As much as I enjoy ribbing distinguished lawyers and judges for being bad at computers, I really cannot blame them in this instance. Since 2012, I've read half a dozen explanations of APIs aimed at laypersons (Motherboard has a very good one here, and this explanation from 2012 is good as well). I have seen APIs compared to dictionaries, to collections of aphorisms, to the Star Trek constructed language Klingon, to the QWERTY keyboard configuration. At one point, I myself compared APIs to yoga positions. On Tuesday morning, I was relatively confident that I knew what an API was.

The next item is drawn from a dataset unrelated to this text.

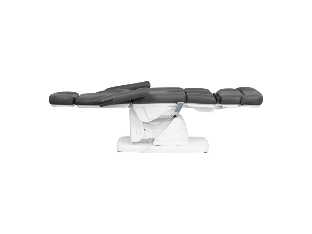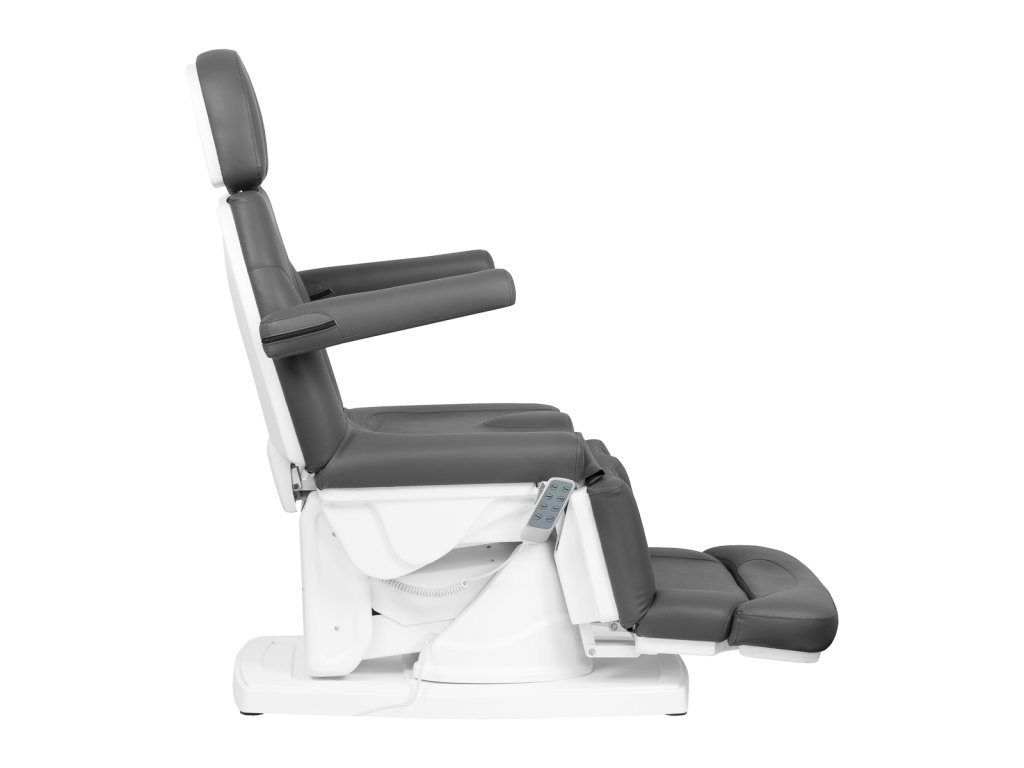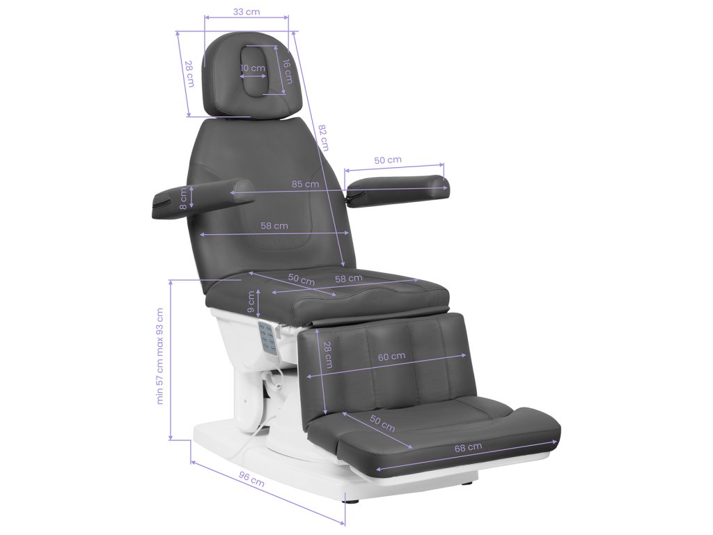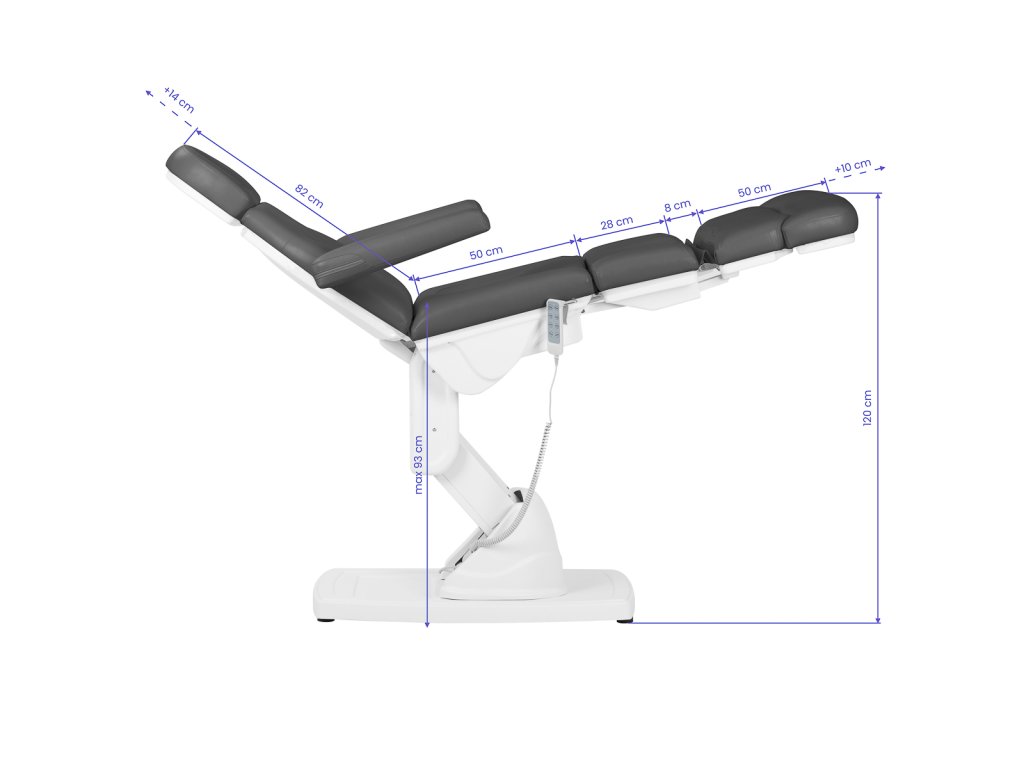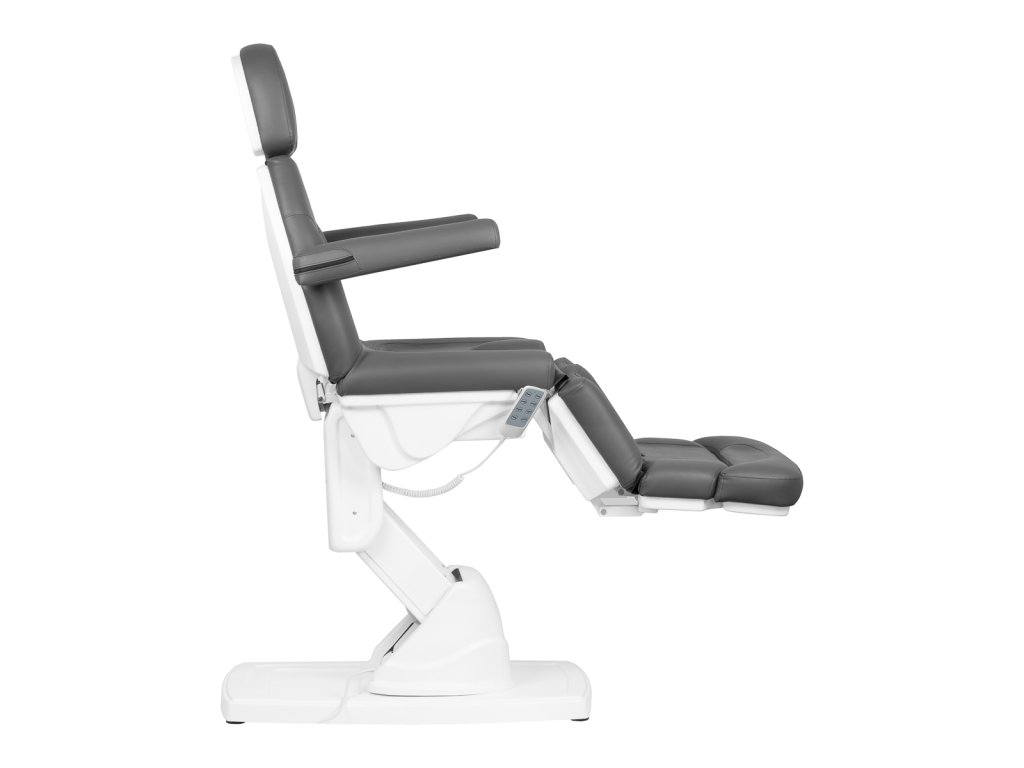 Eine moderne, elektrisch einstellbare Kosmetikliege, die einen Komfort bei der Behandlung nicht nur den Patienten, sondern auch den Personen gewährleistet, die die Behandlung durchführen. Die leisen 4 Elektromotoren ermöglichen, die Kosmetikliege schnell und bequem mit Fernbedienung einzustellen. Es besteht die Möglichkeit, den Fußschalter anzuschließen: Code 133026. Die Kosmetikliege hat einen geformten und sehr bequemen Sitz, ist widerstandsfähig und sehr stabil. Die spezielle Konstruktion der Fußstütze erleichtert die Durchführung von Pediküre und Fußpflegebehandlungen. Ein breiter Einstellungsbereich (oben – unten) ermöglicht, die Sitzhöhe individuell an die Art der Behandlung und an die Körpergröße der Person anzupassen, die die Behandlung durchführt. Ein modernes Design und eine Funktionalität in einer Sache.
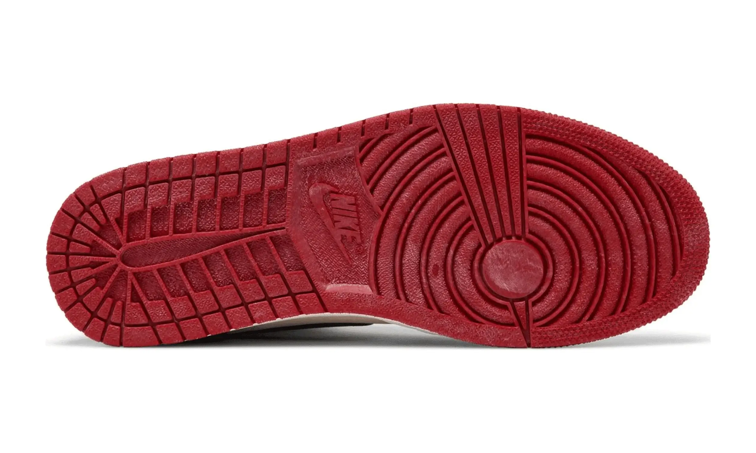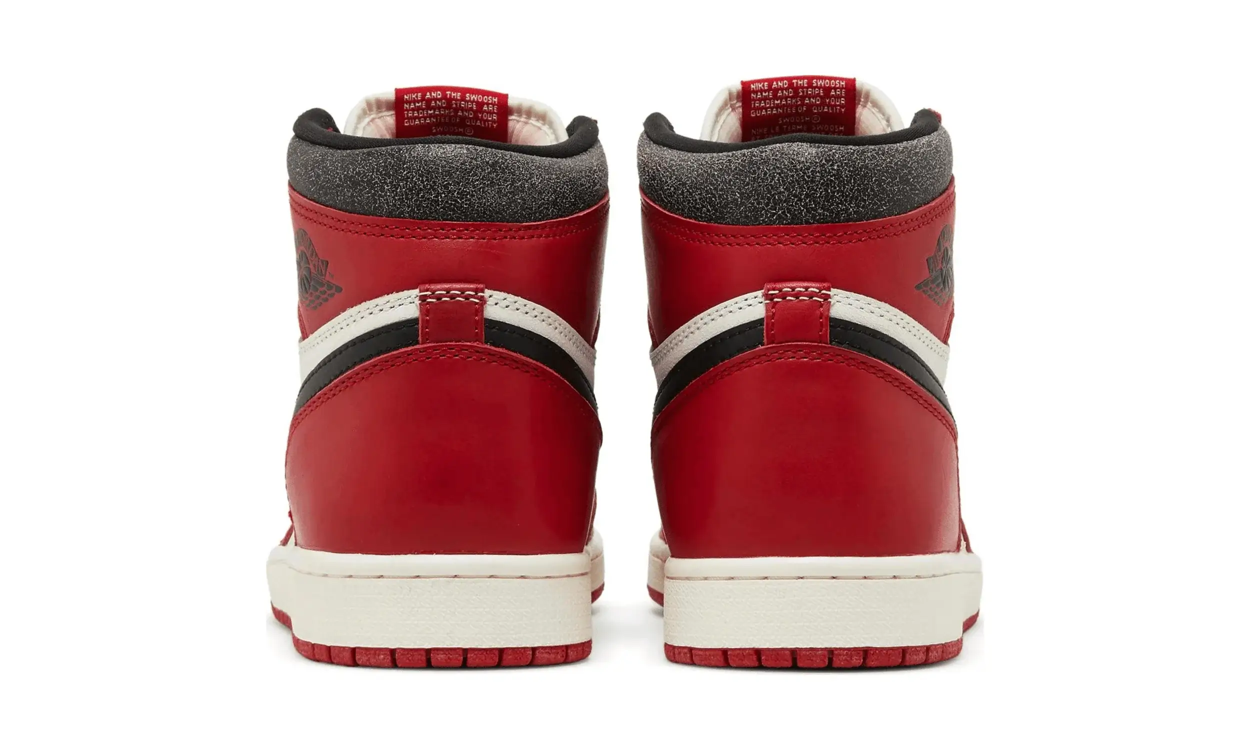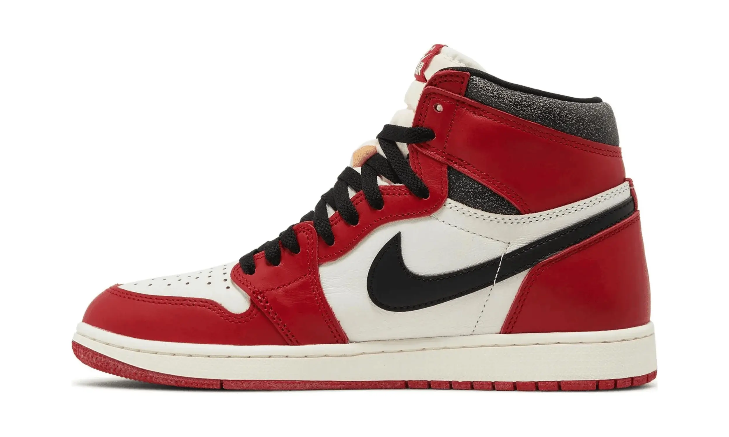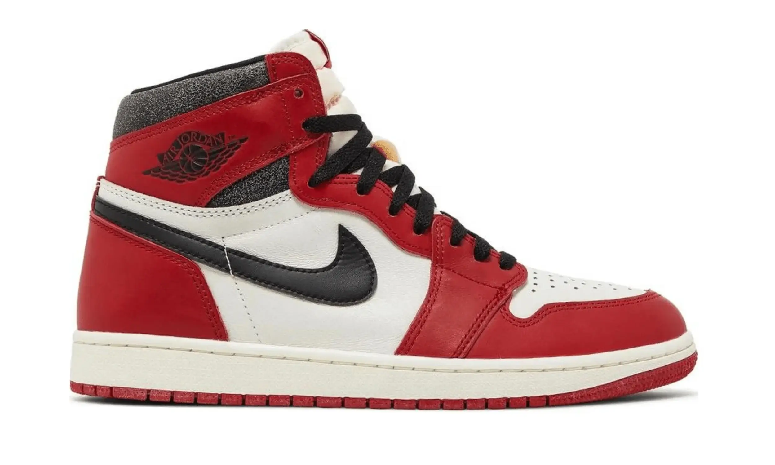 Buty Air Jordan 1 High Chicago Lost & Found to współczesna wersja klasycznego modelu Air Jordan 1 High z lat 80. Dominującą barwą tego modelu jest śnieżnobiała skóra, która stanowi bazę dla kontrastujących, czerwonych nakładek z przodu, z tyłu, w okolicach sznurowadeł, oraz czarnego logo Swoosh.

Then Robert Van Nest drags a filing cabinet into a courtroom and I start feeling like:

At first I thought the filing cabinet was supposed to be the API, but then what on earth are the folders inside the filing cabinet supposed to be? Why is a drawer labeled "Math"? How does this help anyone understand anything?

This is a literal text message conversation I had in the aftermath of having my head fucked with by this filing cabinet:

[redacted]: The files in this analogy were empty until Google filled them
[redacted]: Imagine your job is looking up the contents of the files
[redacted]: You can jump from one job to another much more easily if everybody keeps their files in the same place
me: then I'd be an API?
me: no, that can't be right

After conferring with others, I have determined that Van Nest means to explain that the system of filing (the labels on the folders and the drawers) is the API, and that he waved around some empty folders to illustrate how Google wrote its own implementing code to "fill the folders" with, rather than "stealing" Oracle's intellectual property.

Was this literal-filing-cabinet-as-a-visual-aid a bad idea on Google's part? We've only had one day of trial so far, so it's probably too early to say. But it wasn't a hasty choice on Google's part. The filing cabinet was a much-favored prop during the first trial in 2012. I haven't been able to confirm whether or not it's the same cabinet from four years ago, but we'll probably see much more of it in the coming days.